En raison du non renouvellement de la taxe annuelle permettant de maintenir la propriété d’un nom de domaine, jacquelineveuve.ch a expiré la nuit dernière, à 1h01, selon les données que j’ai pu trouver. Mais pas pour longtemps: à 1h46, le nom de domaine était enregistré par un nouveau propriétaire, Martin B…, qui réside à Zurich.
Rien d’illégal et rien de répréhensible: la règle est celle du premier venu, premier servi. Sauf s’il s’agit d’une marque déposée, quiconque le souhaite – et est le plus rapide pour le faire – peut acheter un nom de domaine encore libre ou venu à expiration. Il est vrai que le fonctionnement du registre Switch, qui gère les noms de domaine dans l’extension .ch, ne facilite pas la tâche de ceux qui souhaitent conserver la propriété d’un nom de domaine à long terme. L’acheteur d’un .com et de noms de domaine dans nombre d’autres extensions peut enregistrer ceux-ci pour dix années, voire plus. Dans le cas de l’extension .ch, en revanche, l’"achat" (qui correspond plutôt à une location) est limité à une année, avec renouvellement annuel quelque temps avant l’expiration. Cela ne permet pas de prendre ses précautions en réservant le nom pour une période plus longue.
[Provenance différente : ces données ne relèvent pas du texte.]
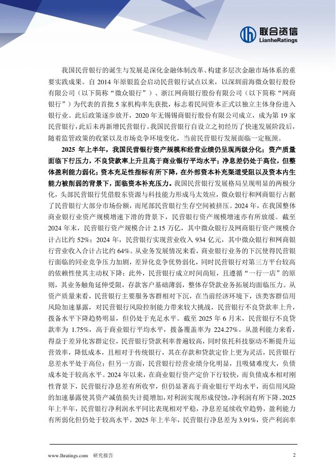联合资信:2025年半年度民营银行行业分析报告.pdf

Pourquoi Martin B… l’a-t-il acheté? Je n’en sais rien: peut-être pour le revendre, mais plus probablement en raison du trafic et du bon référencement de ce site web, auquels renvoient la notice de Wikipedia sur Jacqueline Veuve et d’autres sites. Grâce au flux de visiteurs amenés par d’autres sites, en parquant ce nom de domaine avec des publicités bien ciblées, le site peut produire pendant quelque temps pour son nouveau propriétaire un revenu plus ou moins appréciable, permettant en tout cas de rembourser largement les quelque 15 francs que coûte la réservation annuelle du nom.
Le contenu du site personnel de Jacqueline Veuve a donc disparu. Il est possible qu’elle n’ait pas désiré elle-même le voir lui survivre. Ou peut-être n’y a-t-elle pas pensé, ou encore aucun de ses proches n’a-t-il reçu l’accès aux données permettant d’assurer la perpétuation de ce site, ce qui exigeait à la fois le renouvellement du nom de domaine et celui de l’hébergement du site sur un serveur. Quoi qu’il en soit, cela nous rappelle le caractère éphémère de beaucoup de sites, mais aussi le souci que nous devrions avoir, si nous souhaitons voir un de nos sites nous survivre, de penser à l’avenir et de prendre des dispositions pour éviter la disparition de ces vitrines en ligne sur notre vie et nos travaux.
P.S.: à la suite de la publication de mon billet, Nicolas Friedli a eu la judicieuse initiative de supprimer le lien sur Wikipedia.